Although his father was a butcher, Granger grew up in a home without any food culture.
"Food was not a part of our personal vocabulary, it wasn't important. We never sat down as a family to eat, my brother and I. My mother was a vegetarian which sounds funny but food was very much a source of friction."
And if the sun-drenched, bare-foot, beachfront life presented on the television and in books is . . . bar a bit of TV magic . . . an approximation of his reality now, life wasn't not always this way. Diagnosed as bipolar at the age of seven, his mother was in and out of psychiatric hospitals right throughout his childhood. "I just reached a point where I said I want to take control of my life and do it as I want to do it." It's what he's done with food. "I think food gives great pleasure, and you remember the joy factor of food and what it can bring to your life. You've got to do it three times a day and eating well and really enjoying it . . . not just sitting down in front of the TV or throwing a sandwich on the desk but actually making every meal have importance and meaning, it can still be quick but it's important to your general enjoyment of life. That's what I try to do and I can sometimes be annoyingly chirpy and smiley so I try and tone it down! But it is just my attitude to it and I enjoy myself."

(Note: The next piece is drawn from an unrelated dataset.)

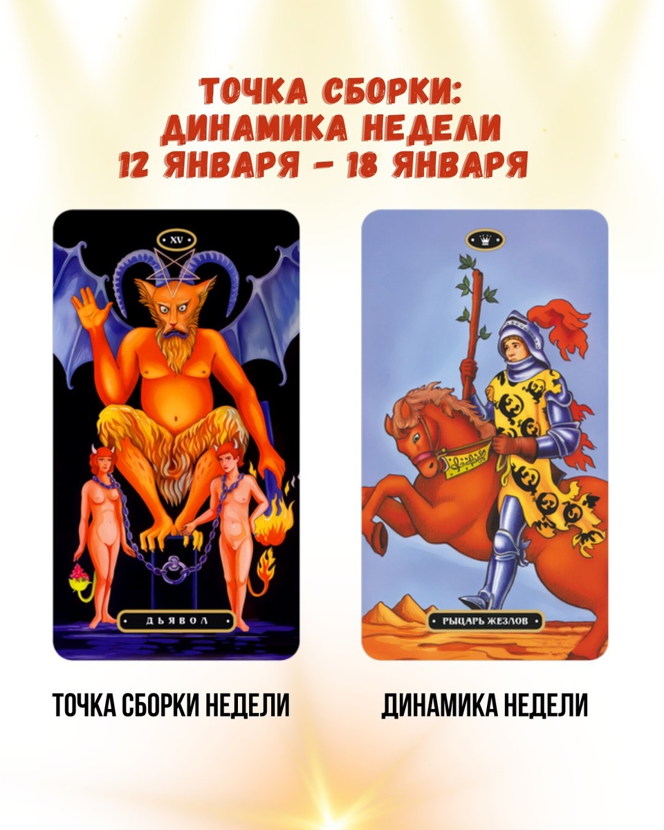 🔘🔘🔘🔘🔘 🔘🔘🔘🔘🔘🔘: ДИНАМИКА НЕДЕЛИ 1⃣ ТОЧКА СБОРКИ НЕДЕЛИ — Дьявол На этой неделе точка сборки — честность с собой без прикрас. Дьявол выводит в фокус всё, что: 💜держит на крючке, 💜манит, 💜затягивает, 💜даёт удовольствие, но забирает свободу. Это про зависимости, не обязательно жёсткие. Чаще тонкие: привязанности, привычные сценарии, эмоциональные качели, желание «ещё» вместо «достаточно». Дьявол не наказывает. Он показывает, где ты отдал(а) власть. Энергетическое состояние недели: напряжённая, горячая, притягательная энергия выбора. 2⃣ ДИНАМИКА НЕДЕЛИ — Рыцарь Жезлов Внешнее поле будет бурным. Рыцарь Жезлов — это: ✅ резкие движения ✅ импульсивные решения ✅ вспышки страсти ✅ неожиданные предложения ✅ желание действовать прямо сейчас. Неделя может подталкивать к поступкам «на адреналине». Темп высокий, события разворачиваются быстро, иногда без возможности всё обдумать. 3⃣ КЛЮЧЕВОЙ СМЫСЛ СОЧЕТАНИЯ Дьявол + Рыцарь Жезлов = «Искушение действием». Внутри — крючок. Снаружи

But what exactly is his aversion to punctuation? "I never really thought about it . . . I just wrote it and I just liked the way it looked. I was that age and it was a fashion thing, it was as superficial as that. It's gotten to the stage where I couldn't put 'bill' in lower case without an apostrophe on a book again so I've become BILL GRANGER in capitals."
BAKED EGGS WITH SPINACH AND PARMESAN
"There's an intimacy about breakfast that I think can't be recaptured in even the most expensive restaurant dinner" Serves 4 1 tbsp olive oil 200g (7 oz) baby spinach leaves Sea salt Freshly ground black pepper 8 eggs 4 tbsp cream 4 tbsp grated parmesan To serve: toast Preheat the oven to 2000C (gas 6).
Lightly grease four 9cm ramekins and place them on a baking tray.
Heat a saucepan or frying pan over medium heat. Add the oil to the pan, then add the spinach and season with salt and pepper. Cook until the leaves are just softened. Drain the spinach in a colander and, as soon as it's cool enough to handle, squeeze out excess liquid. Spoon the spinach into the ramekins and break two eggs into each ramekin on top of the spinach. Pour 1 tablespoon of cream over the eggs and sprinkle with 1 tablespoon of parmesan. Bake for 15 minutes or until the eggs are set and puffed up. Season and serve immediately with toast.